I work with Gemini in a project that involves large-scale detection of bounding boxes. Given the size of the use case, I need structured output with minimal post-processing, so I rely on Pydantic models as the schema.
What I notice is that Gemini returns valid responses with a level of consistency that is unusual for LLMs. Even with fairly complex, conditional and nested schemas, the output always validates correctly for me. I would normally expect failures in structure or type when providing the schema via the prompt, but those do not seem to occur here.
From what I suspect, this reliability is not so much a result of training as it is a property of how tokens are selected during decoding. It looks as though the model is constrained in such a way that schema compliance becomes the default path.
Has anyone looked into this in more detail? I would be interested in pointers to documentation or prior discussion about how Gemini achieves this behaviour, and whether there are known edge cases where it breaks down.

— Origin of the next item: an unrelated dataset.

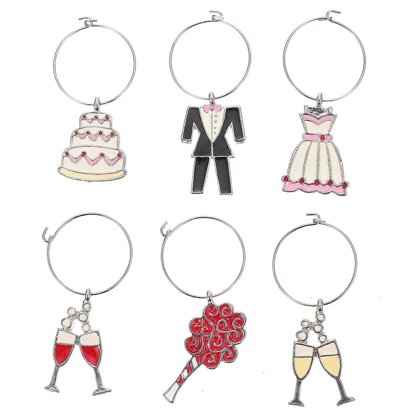 6pcs Adorable Wine Glass Charms Wedding Themed Wine Glass Pendants for Decor

Pydantic is definetely a good choice when structured responses are required. Also, pydantic is compatible with many LLMs which is quite handy if you have to change the model in the future.
Since I write a paper involving Bounding Box detection, I asked myself how Gemini handles the structured output so well. During the PoC i sent way over 1.000 images to Gemini and not a single time the response format was invalid.
From what i found in the internet is that OpenAI solves this by using Context Free Grammar to enforce JSON rules.